Fashion isn’t just about aesthetics– it’s also a powerful tool of expression that, somewhere along the way, seemed to lose its political edge. Fashion used to be a bold declaration, challenging and manipulating societal norms, tackling global issues head-on, inciting conversations, and proving itself to be the powerful art form that it is, but it seems to have lost its thrill of unpredictability and storytelling in recent years. So imagine our (pleasant) surprise when GmBh decided to close Paris Men’s Fashion Week by showing solidarity with Palestine with a collection titled ‘United Nations’.
The Berlin-based menswear brand, founded by Serhat Işık and Benjamin Huseby, took a bold stance by calling for a ceasefire on their Fall 2024 ready-to-wear runway. In an industry often detached from global issues, GmbH’s collection serves as a poignant reminder that beyond the fashion week glamour, millions face the harsh reality of genocide in Gaza.
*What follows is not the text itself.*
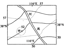 3、单选题 下图中,实线是地形等高线,虚线是潜水面等高线,等高距皆为5米,甲处为城镇。读图回答下列各题。
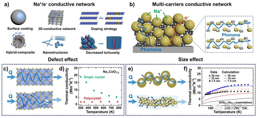 圖3 a)Na+/e-導電網(wǎng)絡構建策略的示意圖。b)多載流子導電網(wǎng)絡的示意圖,包括Na+、e-和聲子。c)完美晶格(頂部)和扭曲缺陷晶格(底部)中聲子傳輸和散射的示意圖。d)研究了NaxCoO2-y單晶和多晶樣品的熱導隨溫度的變化。e)頂部為大尺寸粒子間聲子傳輸和散射示意圖,底部為小尺寸粒子間聲子傳輸和散射示意圖。f)不同尺寸Si/SiGe超晶格的聲子熱導率。

In a 2018 interview, when asked if they were afraid of being political, Işık and Huseby, inspired by the likes of Vivienne Westwood and Alexander McQueen, responded, “No, because we are interested in the political and formal possibilities of fashion as a medium of intercultural exchange.”
This collection is a statement. The Palestinian keffiyeh, symbolizing Palestinian history, trade routes, and cultural significance, adorned the pieces in various forms and colors resembling the Palestinian flag, from blazers, to headwear. Watermelons, emblematic of Palestinian resistance, graced graphic tees. Darkened United Nations logos on GmbH hoodies, asymmetrical crocodile looks, bold jackets with exaggerated shoulders, and experimental knits rounded out the collection, each piece meticulously styled against the soundtrack of sentimental Arabic music.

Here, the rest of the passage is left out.